● **AVAILABLE DATA**
* * * *

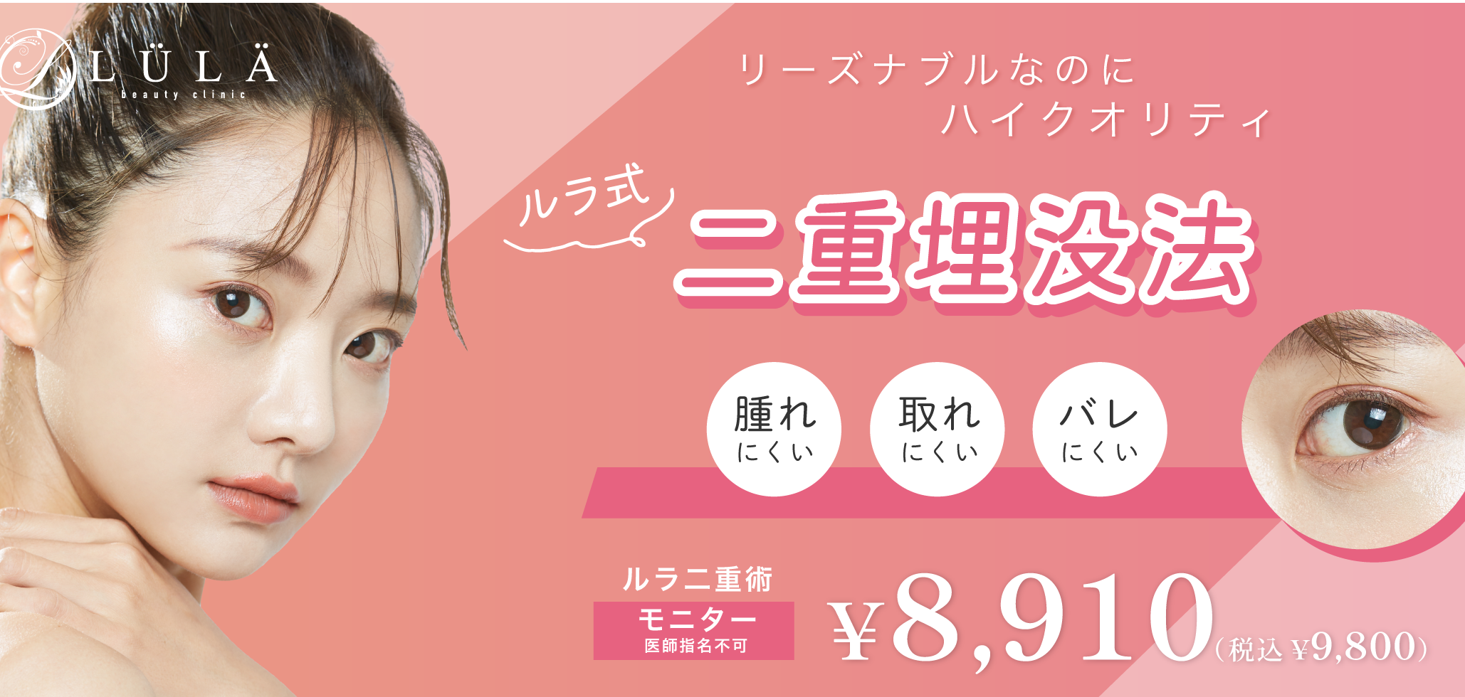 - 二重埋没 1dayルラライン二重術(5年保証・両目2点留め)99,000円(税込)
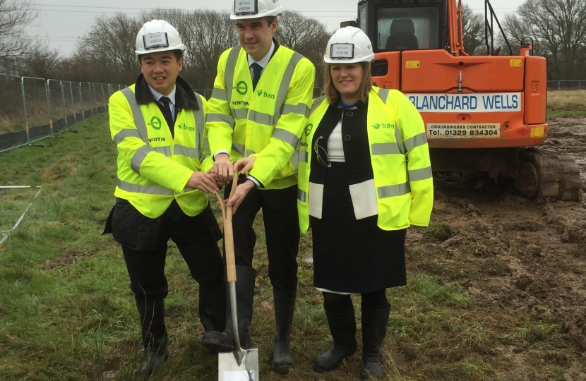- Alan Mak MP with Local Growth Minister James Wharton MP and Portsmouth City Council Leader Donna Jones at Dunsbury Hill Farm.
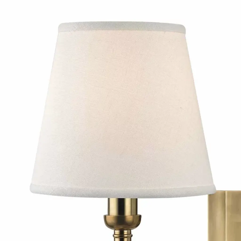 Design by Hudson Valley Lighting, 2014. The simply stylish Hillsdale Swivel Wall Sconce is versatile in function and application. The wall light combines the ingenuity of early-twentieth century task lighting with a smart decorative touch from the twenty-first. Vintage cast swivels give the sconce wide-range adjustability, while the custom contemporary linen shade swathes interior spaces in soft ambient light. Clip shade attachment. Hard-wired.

* * * *

● **TASK DETAILS**
For this exercise, give the listing again exactly as written, with the pictures omitted.

● **EXPECTED ANSWER**
 - 二重埋没 1dayルラライン二重術(5年保証・両目2点留め)99,000円(税込)
- Alan Mak MP with Local Growth Minister James Wharton MP and Portsmouth City Council Leader Donna Jones at Dunsbury Hill Farm.
 Design by Hudson Valley Lighting, 2014. The simply stylish Hillsdale Swivel Wall Sconce is versatile in function and application. The wall light combines the ingenuity of early-twentieth century task lighting with a smart decorative touch from the twenty-first. Vintage cast swivels give the sconce wide-range adjustability, while the custom contemporary linen shade swathes interior spaces in soft ambient light. Clip shade attachment. Hard-wired.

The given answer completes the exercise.